At 4.5 miles round trip and 1,275 feet in elevation, this hike offers a 360-degree view in return for hard work! The peak itself is 1,347 feet and one of Montaña de Oro State Park’s tallest. The hike begins at the parking area just beyond Spooner’s Cove, across from the Bluff Trail trailhead. Take the single-track Valencia Peak Trail inland through wild sage, a series of switchbacks and some steep terrain. At the top, sit at the picnic table and enjoy views of Morro Rock, Cerro Cabrillo and Point Buchon. The trail requires no fee or permit, but bring sunscreen as the hike offers little to no shade.

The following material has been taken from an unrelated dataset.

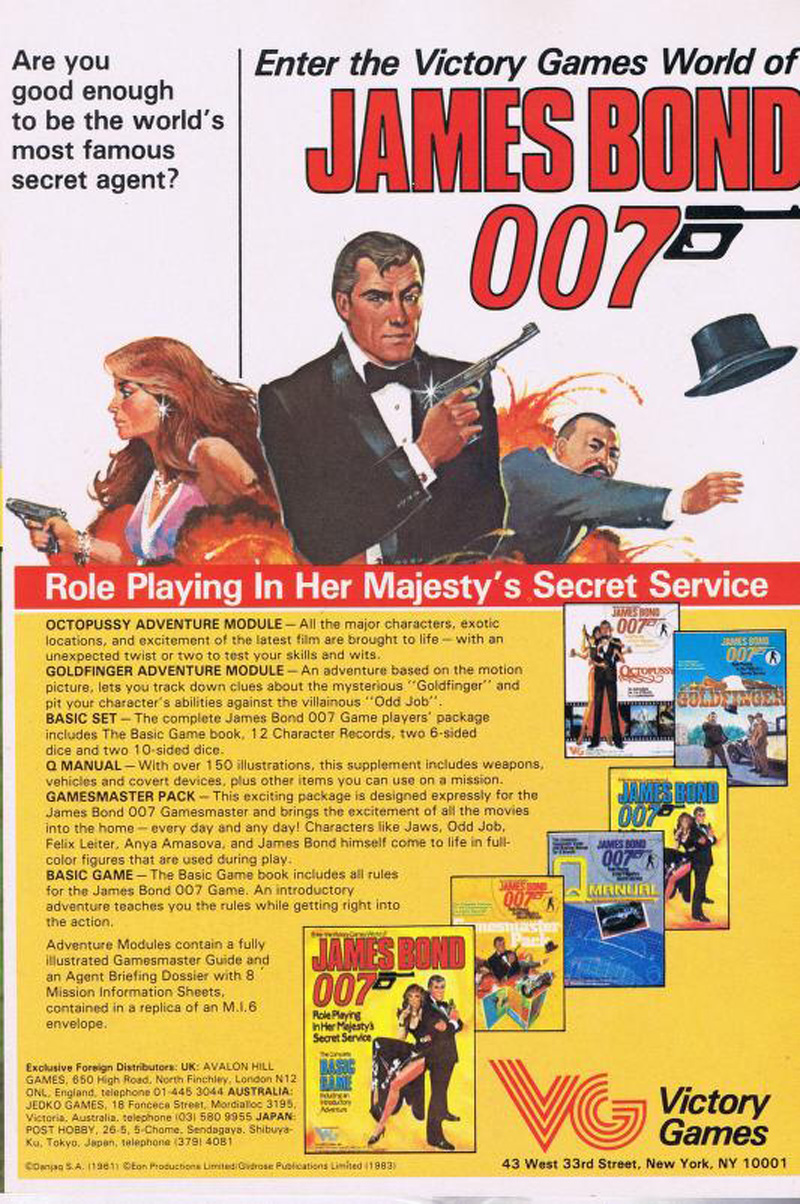 Inside the front cover of the February, 1984 issue of Starlog Magazine we find this ad for the classic James Bond roleplaying game from Victory Games (Amazon.com search*). I remember playing this game — once — but what I remember most is how very well-crafted the supplements were. I played a hell of a lot more Top Secret (Amazon.com search*), but that doesn’t make this ad any less fun to look at today.

No dogs.

Hazard Peak Trail

This essential Central Coast hike offers clear views of Morro Bay and beyond from its 1,076-foot peak. Round-trip, the hike spans 6 miles and climbs an elevation of 950 feet. Unlike the Valencia Peak Trail, Hazard Peak Trail ascends steadily, rather than steeply. Stay to the right throughout and pass by sagebrush, eucalyptus groves and expanding views of the ocean. At the top, find benches and a picnic table for taking in the 360-degree view. The trail doesn’t require a fee or permit, but remember that dogs aren’t allowed on the trail. To reach the trail, just after entering the park find the trailhead on the left, before Spooner’s Cove. Park on either side of the road.

Islay Creek Trail

At 6 miles round trip, the Islay Creek Trail offers a gentle canyon hike with access to a small waterfall. Elevation gain clocks in at just 300 feet. Start the trail at the mouth of a stream at Spooner’s Cove. Take the dirt trail inland from Spooner’s Cove, past the Islay Creek Campground. Look for great views of both Valencia Peak and Hazard Peak. Find a waterfall after just 1.4 miles in Islay Creek. At 3 miles into the trail, turn at the abandoned barn for a 6-mile-total hike. Fees and permits are not required. No dogs.

Oats Peak Trail

At 1,373 feet tall, Oats Peak lies further inland from Valencia Peak, but offers better views of the Irish Hills to the east. A gradual trail with plenty of switchbacks ascends 1,325 feet over 10.8 miles, round trip. Along the way, wide open views abound. To begin, find the trailhead behind the Spooner Ranch House along the road to Islay Creek Campground. A sign for the Reservoir Flats Trail and Oats Peak Trail stands beside a dirt trail. Any time a junction mentions the “Old Oaks Peat Trail,” stick with the New Oats Peak Trail, as it is complete and more gradual. (Most trail intersections are marked well along the way.) Along the ascent, find patches of shade, a trickling stream, and expansive views of the ocean. Note: the last 0.15 mile section of the trail is the steepest, but it’s worth the effort! Find picturesque views of Morro Rock and the San Simeon coastline beyond at the summit.

Reservoir Flats Trail

This two-mile loop takes in a 200-foot elevation gain and offers a variety of views. Find the trailhead between the Spooner Ranch House and the Islay Creek Campground entrance, marked by a sign. After 0.3 miles, bear left at the junction of Reservoir Flats Trail and Oats Peak Trail. Walk through the empty reservoir which once served the Spooner home below. Enjoy a forested walk through a canyon of cottonwood trees and oaks. At the edge of the Islay Creek Campground, walk through the campground to return to the trailhead to finish.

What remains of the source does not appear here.